More details emerge on GuarantCo, SocGen XOF37.8bn loan in Benin and Togo
GuarantCo has provided a 70% partial credit guarantee on Societe Generale’s XOF37.8 billion ($63 million) borrowing base for Spiro’s EV bike fleet in the two firms’ third – and fastest yet – partnership.
The loan will support the financing of Spiro’s fleet of electric motorbikes as well as the associated batteries and swap stations in Benin and Togo. For business and operational purposes, the loan has been sliced into two tranches of XOF21 billion ($35 million) and XOF16.8 billion ($27.9 million). The loan has a medium-term length which was confirmed as fitting the economic life and payback period of Spiro’s assets.

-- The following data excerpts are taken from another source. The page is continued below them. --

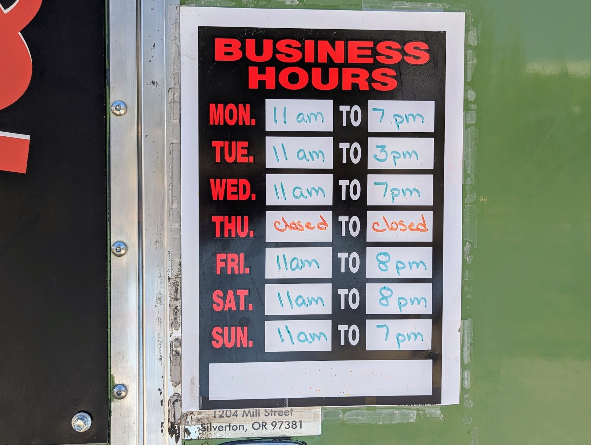 Everything was closed in Ukiah including the ONE gas pump. The cafe sign read "open", but it was also closed. Asked local where to eat and he pointed to the Penny's food trailer. Half dozen people sitting on picnic tables in shade had the same idea. Owner/operator was extremely busy but very friendly. Most would get overwhelmed (I'd freak and be very short with everyone in a frantic scene like this) being the only source of grub in this near-ghosttown, but the chef/owner was honest and said "it could be a wait." We had no where to be. Sodas are $2. Big bottled water is $1 each. My friend's $11-ish mini taco basket was forgettable. Probably came out of a Costco bag. But my chuckwagon burger was a homerun! Pile of fries, sauce, and a great price considering you have no options in the middle of nowhere. My other friend's chicken nugget basket came with bread, and was a pretty good meal. Get the chuckwagon sandwich! The menu is pretty big, there is recycling. If we're ever in Ukiah we'll remember to seek Penny's (and make sure the gas tank is 100% full before heading into town). A solid A effort for what...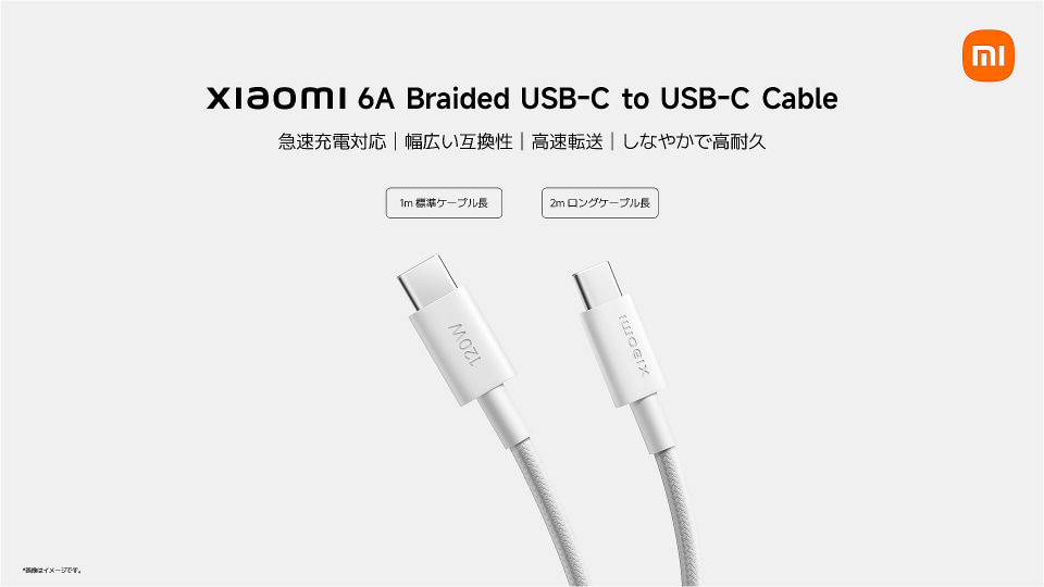 「Xiaomi 6A Braided USB-C to USB-C Cable」は、最大6Aの電流に対応する編み込みタイプのケーブル。データ転送速度は最大480Mbps。Amazonでの価格は、1mモデルが980円、2mモデルが1280円。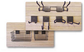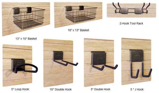 Endless Possibilities... Slat-Wall is the perfect addition to your garage. Whether above your workbench or on a wall, 5 Slat-Wall Hooks and 2 Slat-Wall baskets give you the ultimate in storage flexibility. 18" x 13" Basket 13" x 10" Basket 2-Hook Tool Rack 10" Double Hook 5" Double Hook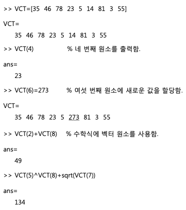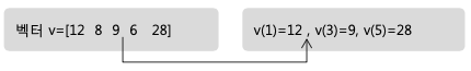 - 벡터의 한 원소를 나타내는 v(k)는 변수처럼 사용 가능

Deal origination was relatively quick in comparison to GuarantCo’s typical deal lengths which can last two-three years due to the complexity of deal structuration and due diligence requirements. A source close to the project confirmed that the transaction was one of the quickest they had ever worked on at the DFI – a result of the relationship the two firm’s have built from past projects including the GreenYellow solar park in Madagascar and the toll plaza IPP in Cameroon.
There are already several more partnership projects in the pipeline in countries where Societe Generale is active. This latest deal has shown that the DFI is capable of delivering replicability as well as innovation, and speeding up its structuration time.